Dois anos depois desta banda sonora o filme Twin Peaks: Fire Walk With Me, uma prequela que entre nós estreou com o título Os 7 Últimos Dias de Laura Palmer, procurou encontrar caminhos de desenvolvimento para a música a partir daqueles que a série televisiva tinha originalmente lançado. Por um lado há um acentuar das coordenadas jazzísticas, chegando mesmo a chamar Jimmy Scott para cantar em Sycamore Trees, e bluesey. Por outro lado abre-se espaço a uma presença de dois temas de um projeto com alma de blues e gosto pelo storytelling que Lynch então desenvolvia com Badalamenti. Chamavam-lhe Tought Gang e aqui se escuta, do seu repertório, os bizarros momentos de voz e cenografia entre o jazz e os blues de A Real Indication e The Black Dog Runs at Night, com voz do próprio Angelo Badalamenti. Em mais evidente continuidade com as sonoridades da música da série surgem alguns dos temas que encerram o alinhamento do disco, quer nos instrumentais mais ambientais The Pink Room ou Moving Through Time ou no reencontro com Julee Cruise, desta vez em Questions in a World of Blue, canção que no ano seguinte surgiria no álbum The Voice of Love, o disco que encerraria o ciclo das suas colaborações com Lynch e Badalamenti com quem, entretanto, havia protagonizado o filme-concerto Industrial Symphony – Vol. 1, que teve edição em cassete VHS e laserdisc em 1990 mas que continua a ser uma raridade da obra de Lynch que merecia melhor visibilidade na sua obra disponível em suportes vídeo.

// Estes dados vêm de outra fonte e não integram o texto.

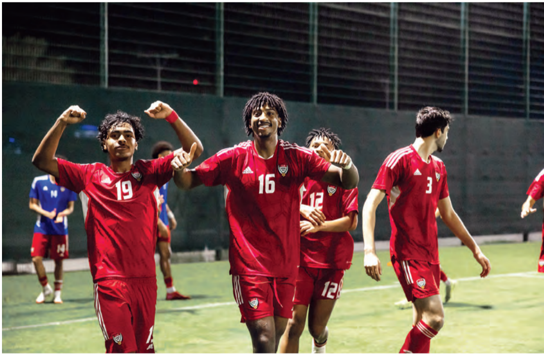
«مستقبل الكرة الإماراتية» وفرحة الفوز | البيان

وقضى منتخبنا الوطني، أيام عيد الفطر المبارك في مدينة الطائف السعودية، والتي وصلتها بعثة «أبيض الناشئين» الخميس الماضي، للمشاركة في النهائيات الآسيوية للمرة الثامنة في تاريخه، والتي تأهل إليها بتصدره لتصفيات المجموعة الثامنة، وبعدها تخلى عن «أبيض الناشئين» التوفيق في الوصول إلى نهائيات 2023، وذلك سعياً لتحقيق اللقب بعدما كان أفضل إنجاز لمنتخبنا وصافة نسخة 1990، والوصول إلى قبل نهائي نسخة 2008، والوصول إلى نهائيات مونديال الناشئين للمرة الرابعة طوال تاريخه.
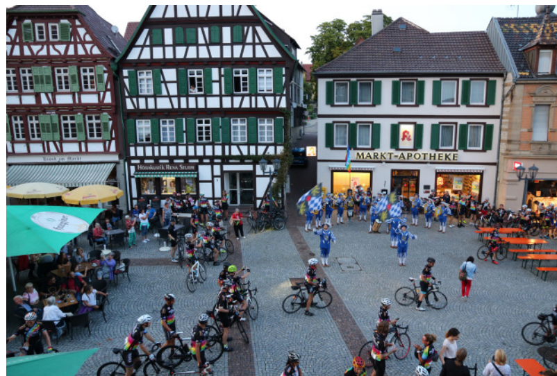
Der Fanfarenzug Bretten begrüßte die Rückkehrer am Abend auf dem Marktplatz.

Meses depois de uma reedição, com capa nova, da banda sonora de Twin Peaks, estas duas bandas sonoras, respetivamente de 1990 e de 1992, regressam ao mercado em edições em vinil que replicam as que originalmente então surgiram no mercado.
“Twin Peaks” (1990) ★★★★★ e “Twin Peaks: Fire Walk With Me” (1992) ★★★★, de Angelo Badalamenti (e convidados) estão disponíveis em novas prensagens em LP pela Warner Music.